Netscape (up to and including version 3) has a curious strategy of dealing with unknown entity names, e.g if presented with the HTML+ entity °ree; it interprets the ° part as a degree sign (per the HTML2.0 entity °), then displays the residue ree; as text.

Most other browsers, when presented with an unknown entity name, display the entire construct, including the opening ampersand and terminating semicolon, as text, which (at least for a reasonably HTML-aware reader) seems to me to be a good compromise. Netscape 4 (PR versions tested) seem to have adopted this strategy too, causing the usual confusion to people who omitted the terminating semicolon and were relying on the error fixup behaviour of NS's earlier versions.

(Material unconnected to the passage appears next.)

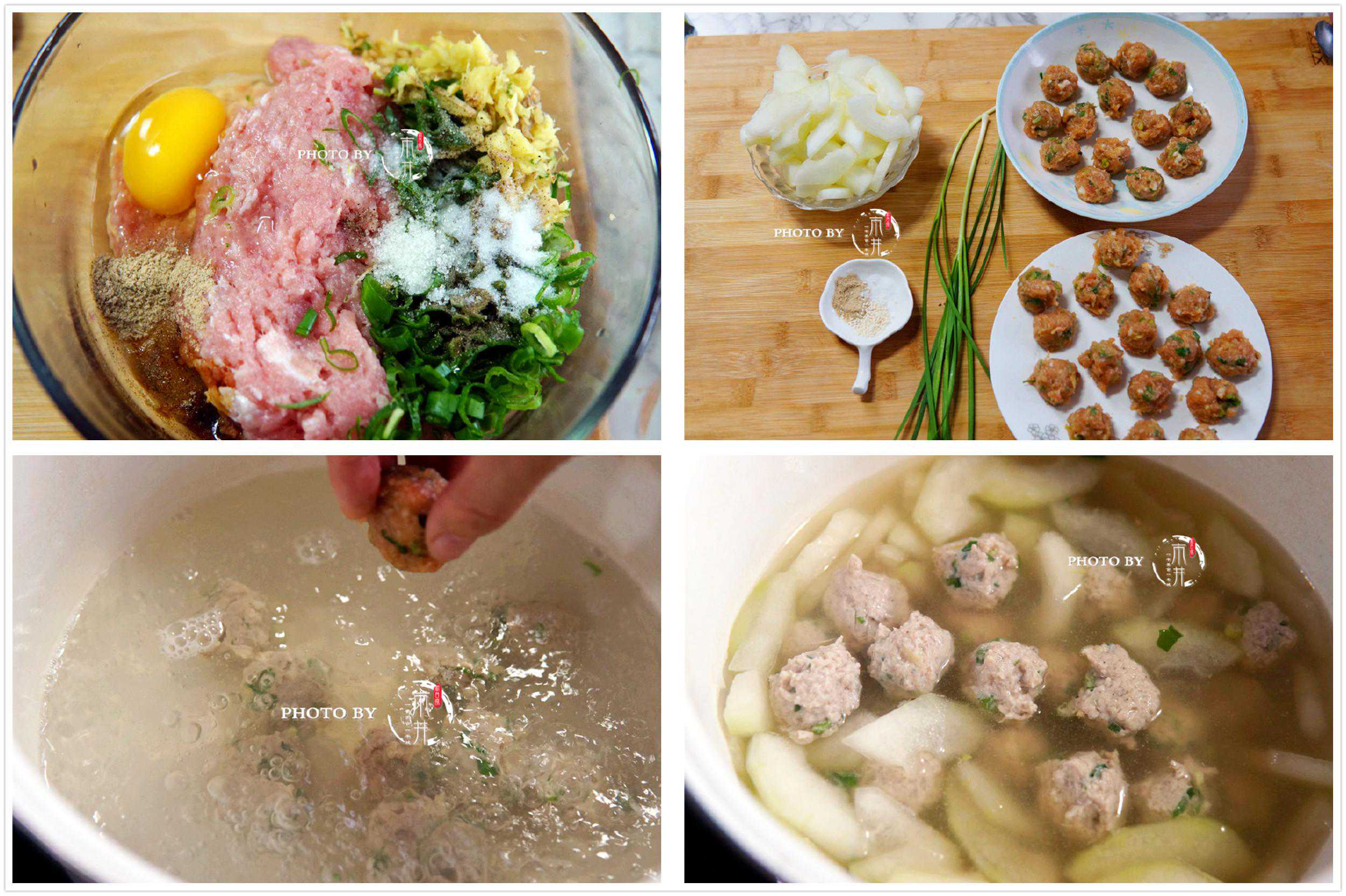 四、冬瓜丸子汤夏季是吃冬瓜的好季节,冬瓜水分含量大,营养丰富,含有钙、铁、磷、维生素等多种微量元素,表面的白霜还有清热润燥的功效,夏天用冬瓜煮汤,低脂减肥,经常喝皮肤也没那么干燥了。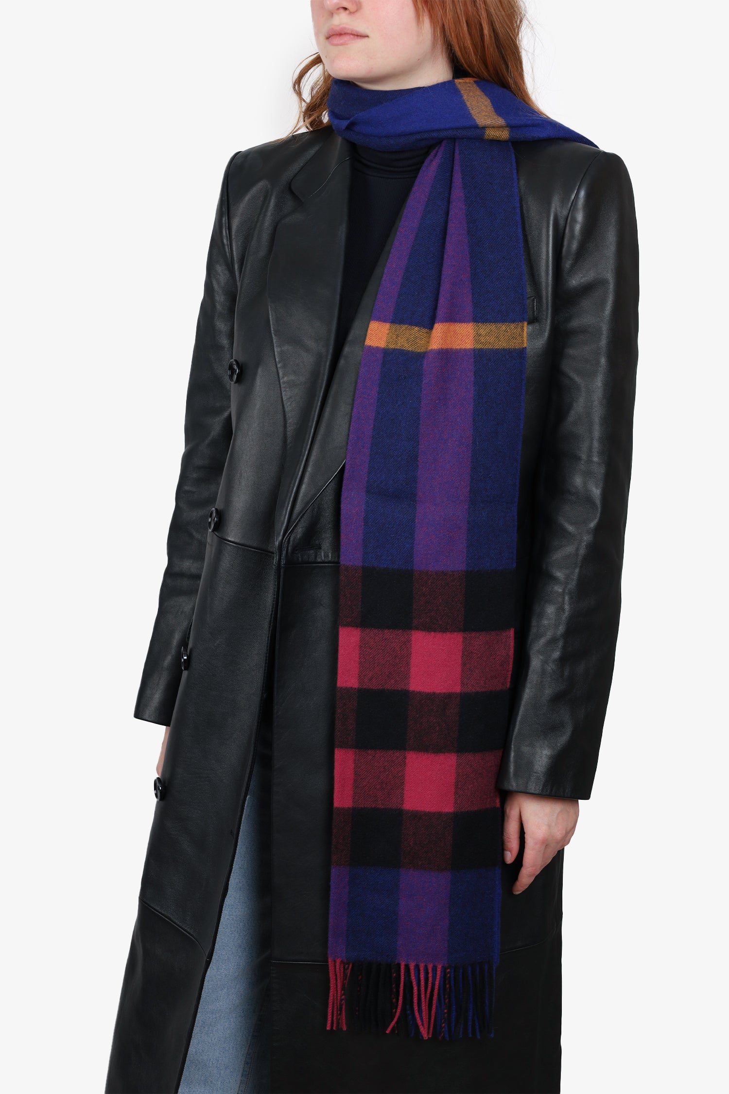 Burberry Multicolour Cashmere Check Fringe-Edge Scarf

Lynx 2.7 versions for MS-DOS and for Win32.
See http://www.fdisk.com/doslynx/. These ported versions work well provided that CP850 is used. For the DOS version, this is a simple matter of following the standard instructions in the DOS manuals.

For the Win'32 version it's necessary to put the "Windows console" into CP850 (by default it's in CP437), and this is done by an obscure procedure that is accompanied by dire warnings about invalid filenames. On the Win'95 CD-ROM, look for a folder \other\changecp and execute the changecp.exe file therein. I accept no responsibility for consequences, but it worked well for me. The changecp software is also said to be downloadable from the Microsoft ftp server. If you are unwilling to apply this configuration change, your only recourse is to set the Lynx Options/ display-Charset to be "IBM PC code page" (it means CP437), but then, Lynx is forced to render some of the iso-8859-1 characters by means of approximations.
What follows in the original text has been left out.